Retype the line with "走到近前,客运站候车厅北侧主" exactly. Then retype every line after it through the end of the entries below, and nothing more, leaving out pictures.

Top of Recorded information

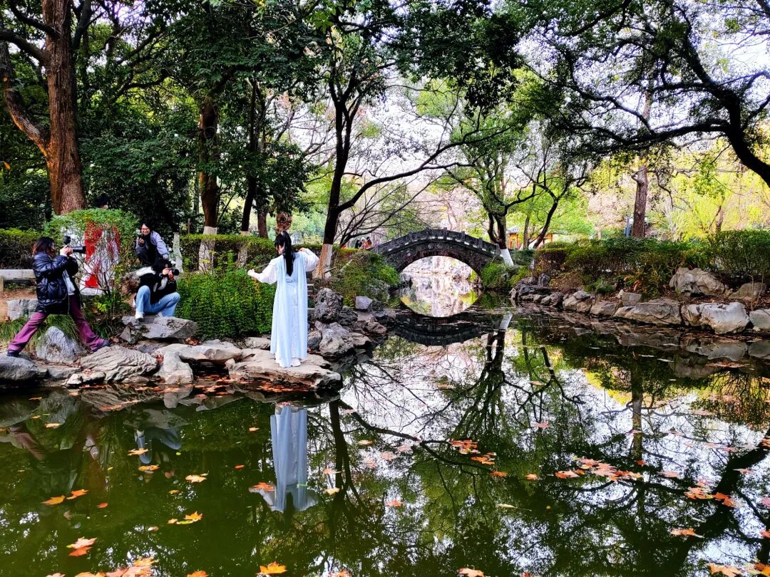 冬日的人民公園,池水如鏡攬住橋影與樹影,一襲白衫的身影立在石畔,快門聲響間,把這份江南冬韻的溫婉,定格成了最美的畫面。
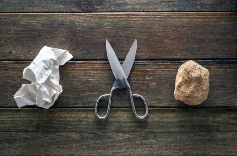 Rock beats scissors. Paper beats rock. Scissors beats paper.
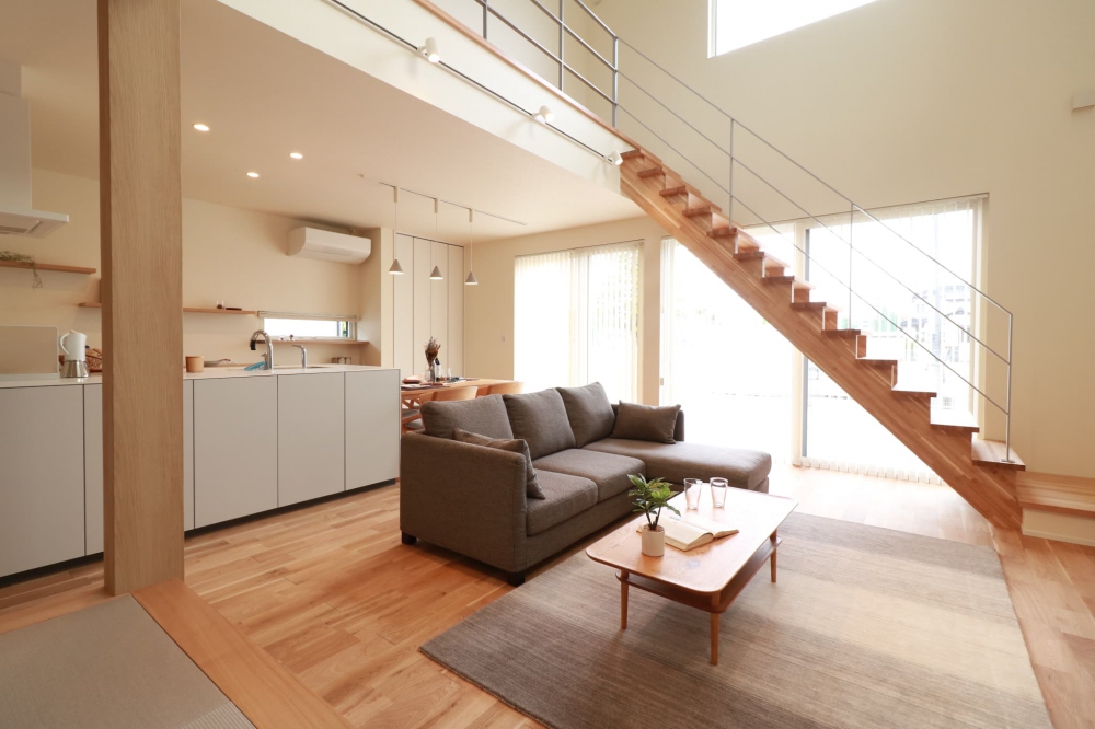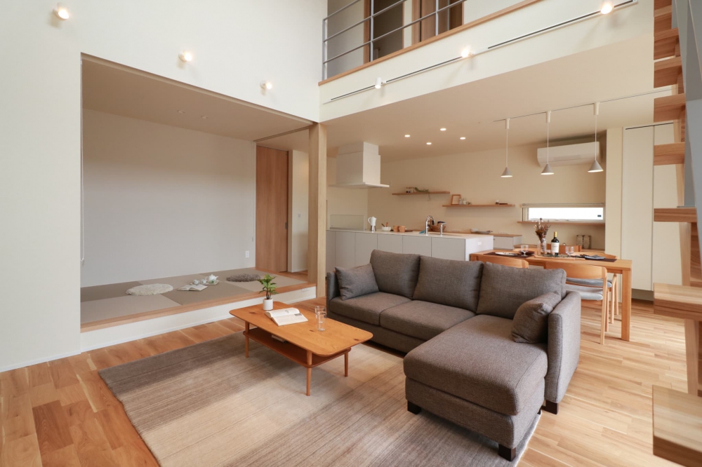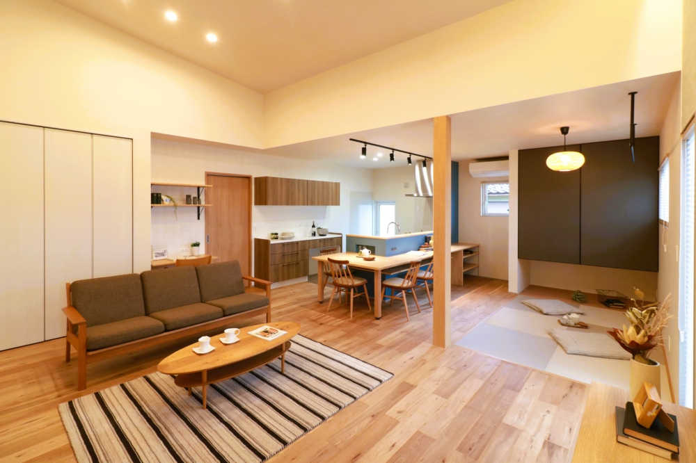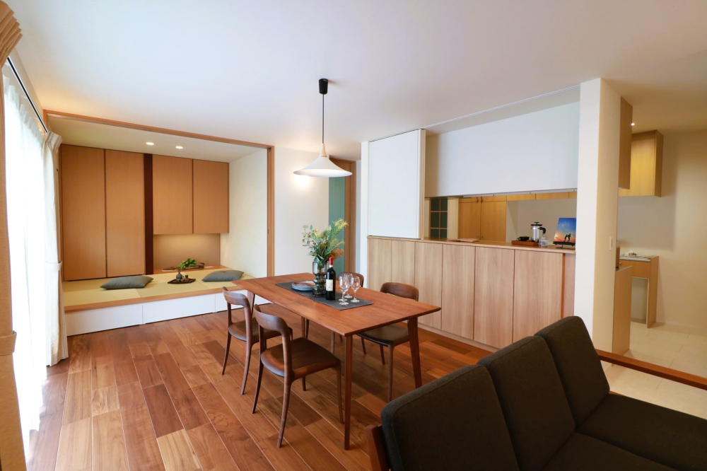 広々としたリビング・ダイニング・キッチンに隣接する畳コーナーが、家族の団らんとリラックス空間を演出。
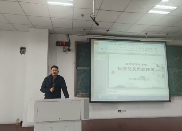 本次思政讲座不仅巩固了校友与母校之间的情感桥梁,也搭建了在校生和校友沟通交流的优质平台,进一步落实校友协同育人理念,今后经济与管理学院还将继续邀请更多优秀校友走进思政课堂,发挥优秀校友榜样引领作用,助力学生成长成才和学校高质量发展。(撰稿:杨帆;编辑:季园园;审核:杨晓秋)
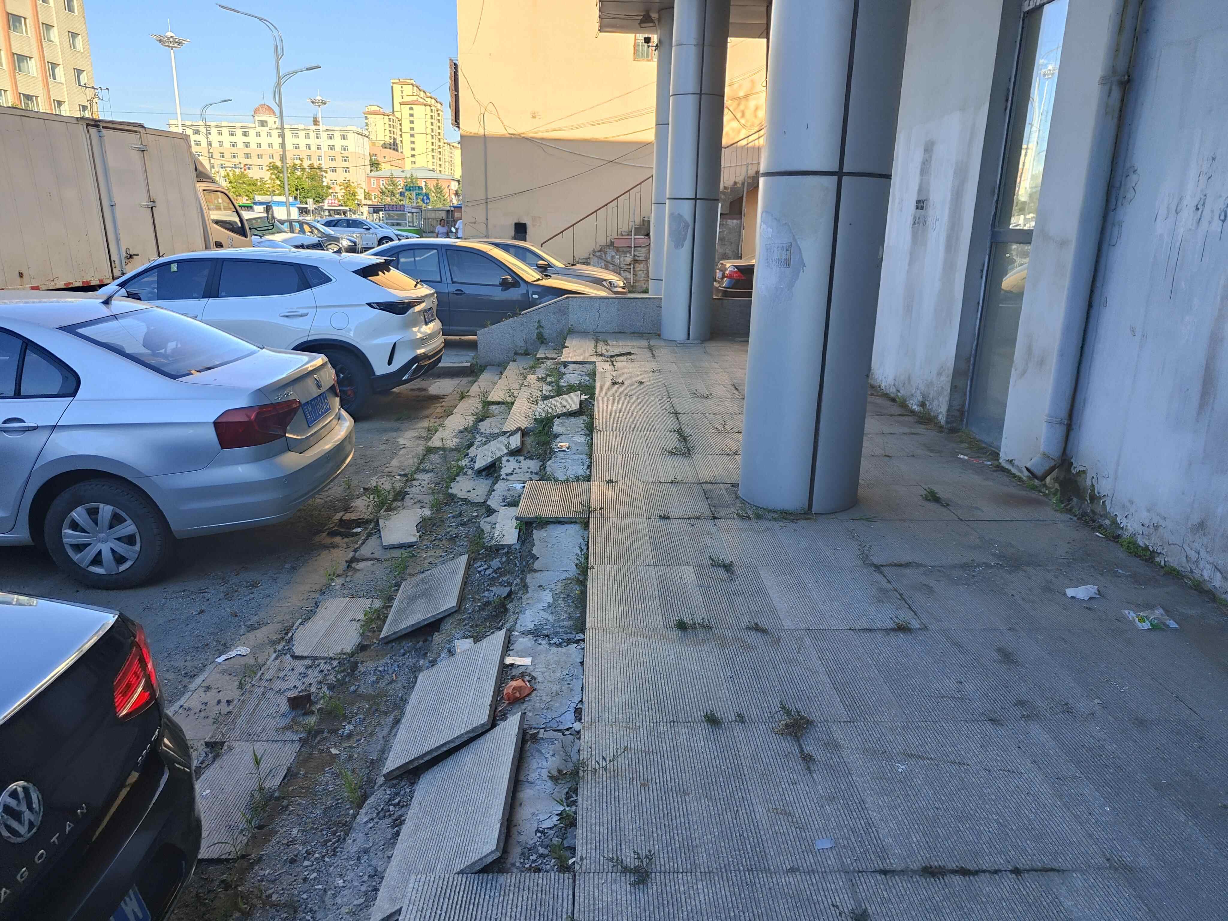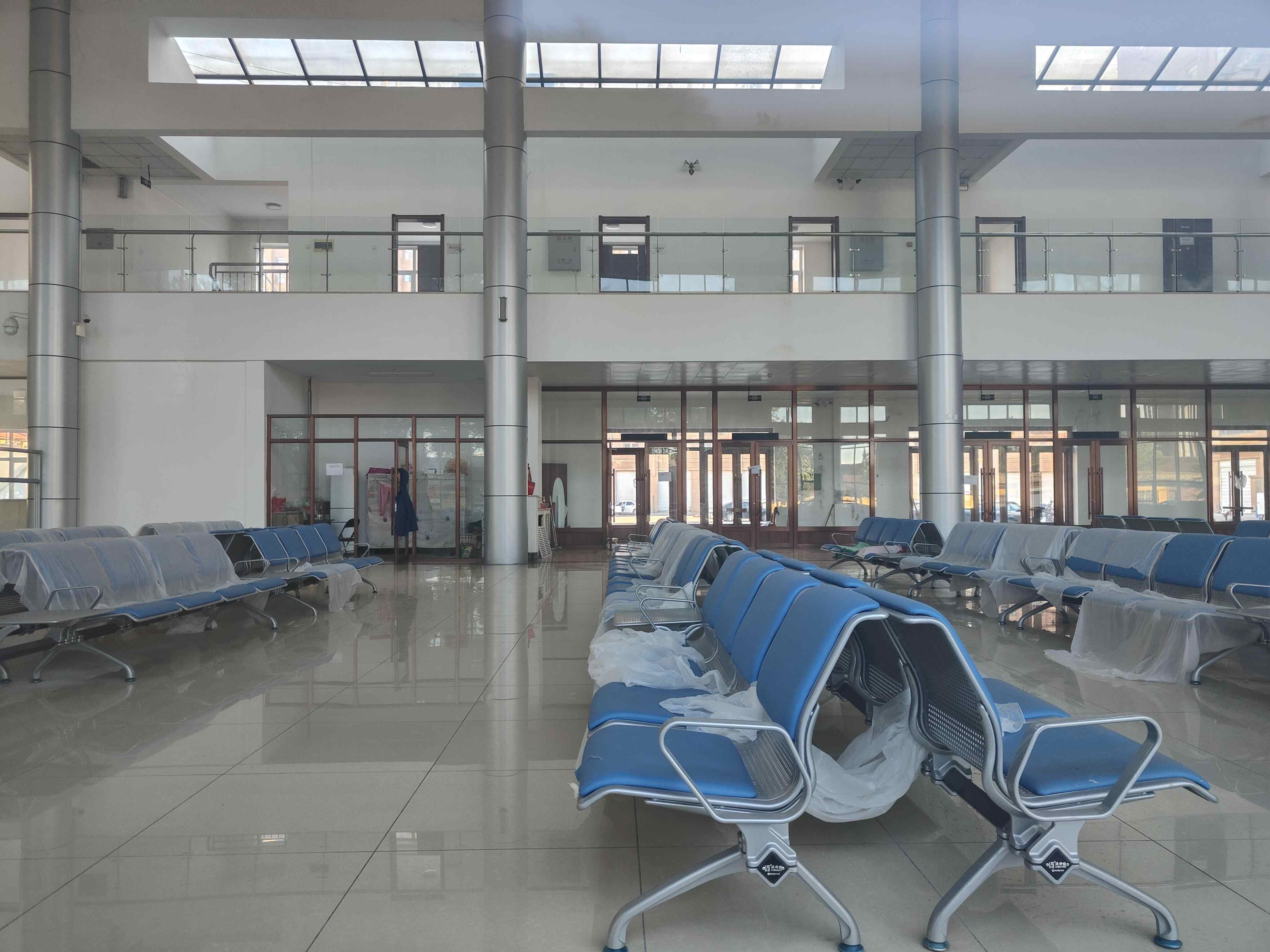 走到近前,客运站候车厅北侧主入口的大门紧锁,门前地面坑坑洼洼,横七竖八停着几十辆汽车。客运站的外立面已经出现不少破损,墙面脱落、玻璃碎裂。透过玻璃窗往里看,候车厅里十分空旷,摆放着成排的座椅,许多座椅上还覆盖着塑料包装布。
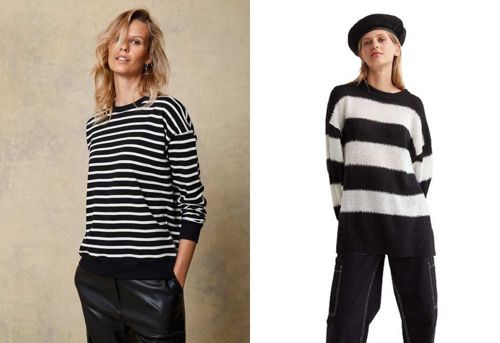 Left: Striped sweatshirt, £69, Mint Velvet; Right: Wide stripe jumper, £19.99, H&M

Bottom of Recorded information

(Answer)
 走到近前,客运站候车厅北侧主入口的大门紧锁,门前地面坑坑洼洼,横七竖八停着几十辆汽车。客运站的外立面已经出现不少破损,墙面脱落、玻璃碎裂。透过玻璃窗往里看,候车厅里十分空旷,摆放着成排的座椅,许多座椅上还覆盖着塑料包装布。
 Left: Striped sweatshirt, £69, Mint Velvet; Right: Wide stripe jumper, £19.99, H&M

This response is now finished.